5. Many people with reduced blood haemoglobin levels are deficient in B12. And when iron supplementation does not work, B12 injections are offered as a treatment. Having an adequate supply of B-vitamins nourishes many different bodily functions. Taking iron but being low in B-Vitamins will affect how quickly you recover from anaemia. Another common accompanying deficiency is Copper. Supplementation with this mineral can help raise iron levels. How to tell if you may be low in Copper? You sometimes get electric shocks when touching metals and surfaces.

6. If you have assimilation problems and digestive issues - this affects all uptake of nutrients. Without addressing these issues, you may continue to suffer bouts of anemia and all iron supplementation acts only as a temporary solution. One important factor in anaemia is to avoid tea and coffee in your diet which deplete iron in the body.

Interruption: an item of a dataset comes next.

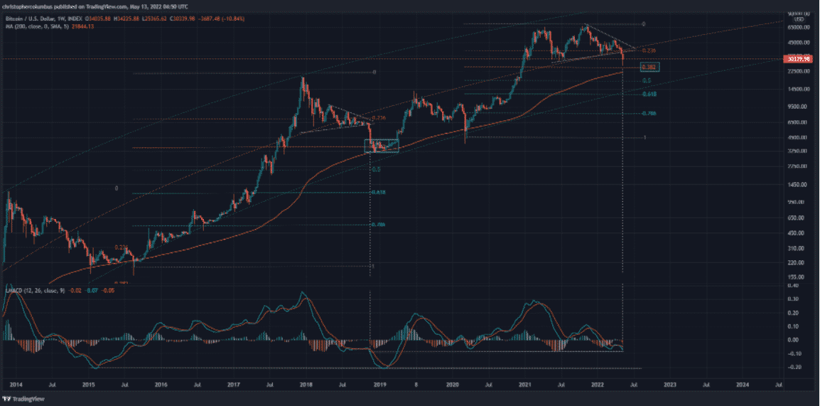 Pseudo-anonymný analytik známy ako Dave the Wave sa podelil so svojimi analýzami na Twitteri. Predpokladá, že obchodovanie s bitcoinmi v blízkosti 48-mesačného kĺzavého priemeru je miesto, kde má BTC historicky tendenciu klesať na dno.
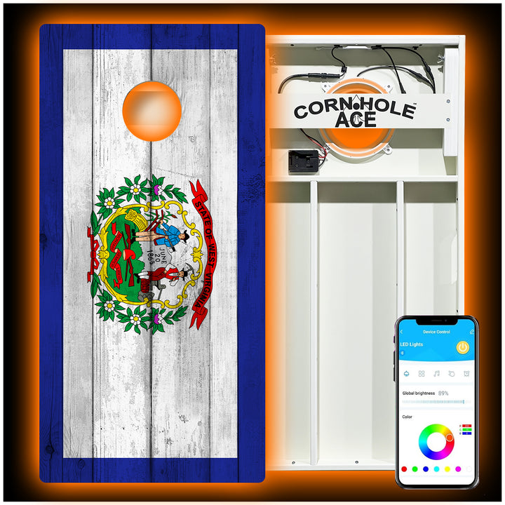 West Virginia State Flag - Cornhole Board Set - All Weather - With Pro Light Kit

7. What are your food sources for Iron? The best solution is often to look to your food. Dried fruits such as apricots, raisins and sultanas. This is a good source for people keeping an eye on weight-loss and who experience severe bloating as a result of constipation as a result of iron supplementation. Also leafy green vegetables such as spinach, cabbage, lettuce. Nuts and seeds (in particular pumpkin seeds). And wholegrains such as wheat and millet.

8. Some cases of anaemia also have accompanying health issues such as decreased blood pressure,and low energy as well as poor digestion and chronic underlying illnesses. Homeopathy can provide solutions in the treatment of anemia while at the same time addressing issues leading to its development. I would recommend seeking out help from a professional homeopath if all else is failing.